Cheiro do campo

O Globo, Planeta Terra, p. 7-9 - 26/06/2012
Cheiro do campo
Embrapa busca nas flores do Cerrado Novos aromas para a indústria de perfumes

Juliana Câmara
juliana.camara@oglobo.com.br

A rica variedade da flora do Cerrado embeleza as paisagens dos 11 estados que ele ocupa no país e agora pode turbinar a indústria de cosméticos. Uma pesquisa da Empresa Brasileira de Pesquisa Agropecuária (Embrapa), em parceria com universidades públicas, vai estudar as espécies aromáticas deste bioma, o segundo maior do Brasil, e montar um banco de dados, que terá informações sobre extratos, classificação botânica, análise química e avaliação sensorial dessas flores. O resultado poderá ser usado por empresas no futuro para a produção de fragrâncias.
O projeto é o primeiro a catalogar, em grande escala, espécies da flora do Cerrado com esta finalidade. A princípio, serão estudadas 40 flores cujo potencial aromático já é conhecido. Mas esse número pode crescer ao longo do trabalho de prospecção, previsto para durar até de 2014. Entre as espécies previstas, estão as mirtáceas, da família dos eucaliptos; as labiatas, da família da hortelã e do manjericão; e as asteraceas, da família da camomila e do girassol.
As flores são recolhidas por botânicos, que as separam em um herbário e extraem os óleos essenciais para fazer a caracterização química das substâncias aromáticas. A coleta ocorre em cinco pontos onde as flores são abundantes: o campus da Embrapa e a reserva ecológica do IBGE, no Distrito Federal; os parques estaduais de Caldas Novas e da Serra dos Pirineus, e o Parque Nacional da Chapada dos Veadeiros, em Goiás.

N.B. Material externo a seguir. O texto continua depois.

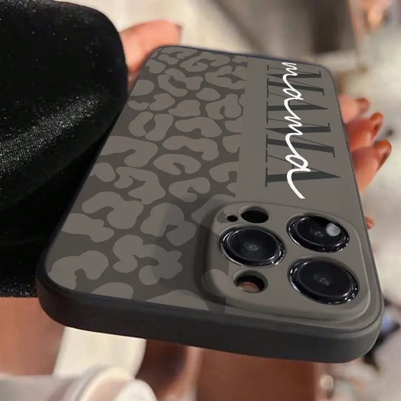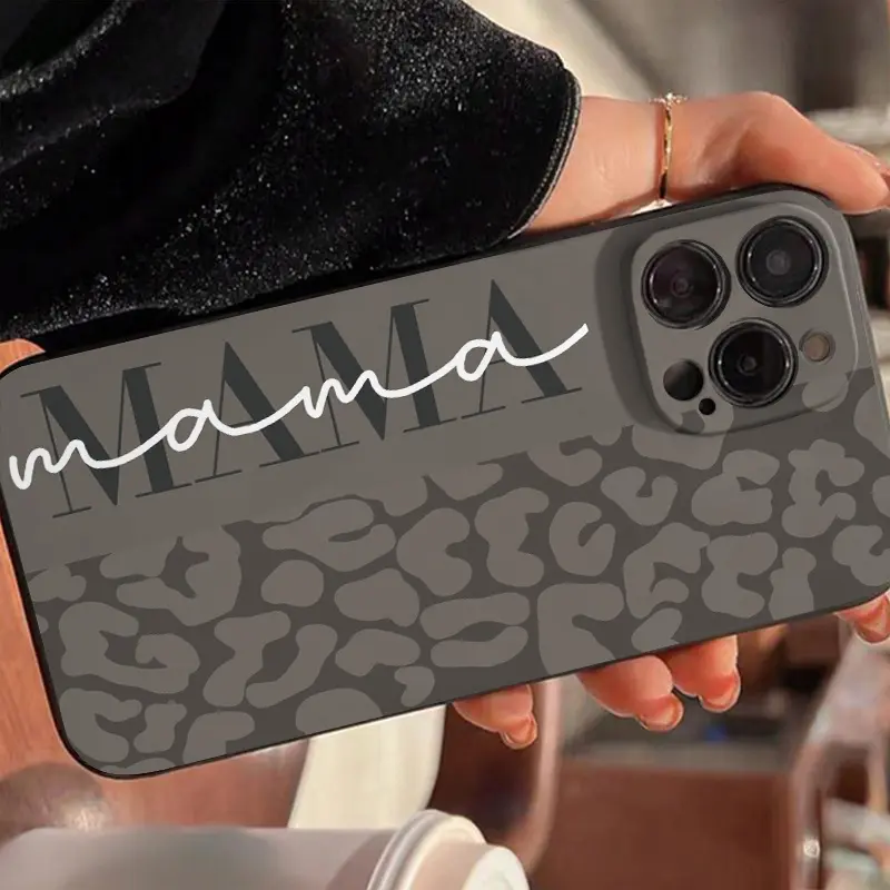 Black MAMA leopard pattern, full lens drop-proof and shockproof fashionable mobile phone case, suitable for iPhone16 15 14 Pro/Pro Max/Plus, 13 12 11 Pro/Pro Max, XS Max XS X, can be given as a gift to friends and family Screen Protector Cover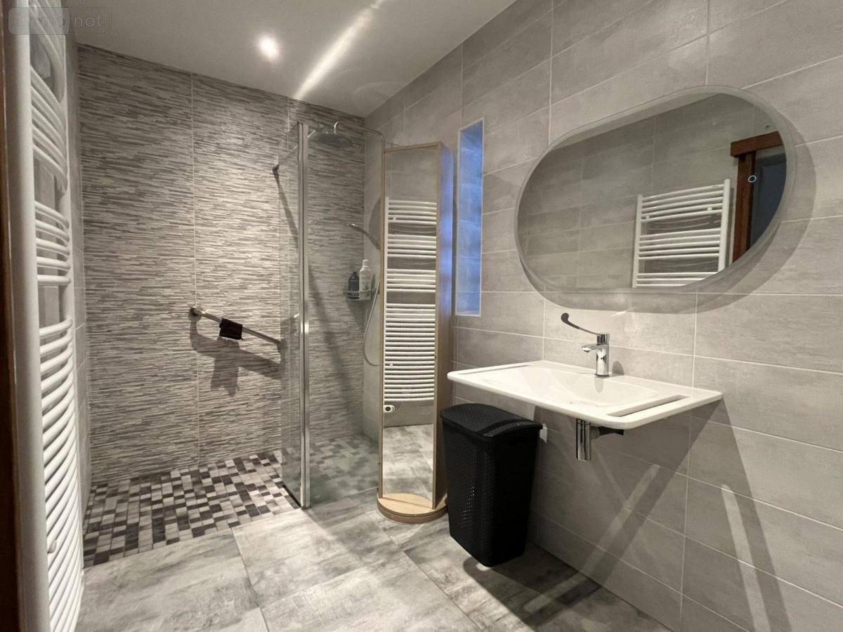 Elle dispose d'un grand séjour de 35m2 avec poêle à granules, une cuisine ouverte aménagée et équipée, une salle d'eau.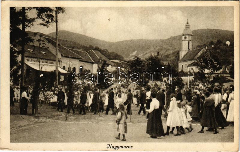 Beschreibung: 1925 Nagymaros, Fő tér, Waldvogel cukrászda, körmenet (EK)

Conhecimento sobre a flora pode incentivar cultivo sustentável

O interesse das indústrias de cosméticos e alimentos por produtos naturais tem crescido devido ao aumento do mercado consumidor e também para atender a requisitos das legislações desses setores, cada vez mais restritivas em relação ao uso de produtos sintéticos. Neste sentido, o Cerrado é um dos biomas mais atraentes: sua flora é mais rica em número de espécies que a da região amazônica e também mais ameaçada.
Cerca de 30 pessoas estão envolvidas no levantamento, entre pesquisadores, técnicos e alunos de três unidades da Embrapa e também da Universidade Federal do Rio de Janeiro, da Universidade de Brasília e da Universidade Federal de Juiz de Fora. O investimento total é de R$ 432 mil.
Outro objetivo do estudo é ajudar na conservação desse bioma. Dados oficiais apontam que 45% de sua vegetação já foram destruídos. Os maiores responsáveis são a expansão da fronteira agrícola e o crescimento desordenado das cidades. A ação do homem tem levado diversas espécies ao risco de extinção.
O maior conhecimento sobre as espécies, associado a ações de conscientização sobre o uso racional de recursos naturais, pode resultar em práticas sustentáveis de cultivo. Segundo Humberto Bizzo, da Embrapa Agroindústria de Alimentos e coordenador do projeto, cientes da possibilidade de gerar renda com a extração de óleos essenciais das flores, os moradores das regiões apropriadas para o cultivo podem optar por produzi-las, em vez de desmatar a vegetação e abrir espaço para plantações como as de milho e soja.
- Queremos estudar essas espécies e transformar o conhecimento em geração de renda para as pessoas que moram nas áreas de Cerrado. Com isso, preservar poderá ser mais rentável do que destruir - explica o pesquisador. - São áreas de pequena produção. O objetivo é agregar valor à biodiversidade do Cerrado.
O bioma do Cerrado é considerado ainda pouco conhecido, se considerados os números de espécies estudadas. Apesar de a pesquisa da Embrapa com as flores aromáticas pretender conhecer as aplicações para a indústria de cosméticos, ela pode revelar outras propriedades dessas plantas, como medicinais e alimentares.
- O foco é a indústria de fragrâncias, mas o estudo pode se desdobrar em produtos resultantes de outros tipos de atividade biológica dessas espécies - diz Roberto Vieira, pesquisador da Embrapa Recursos Genéticos e Biotecnologia.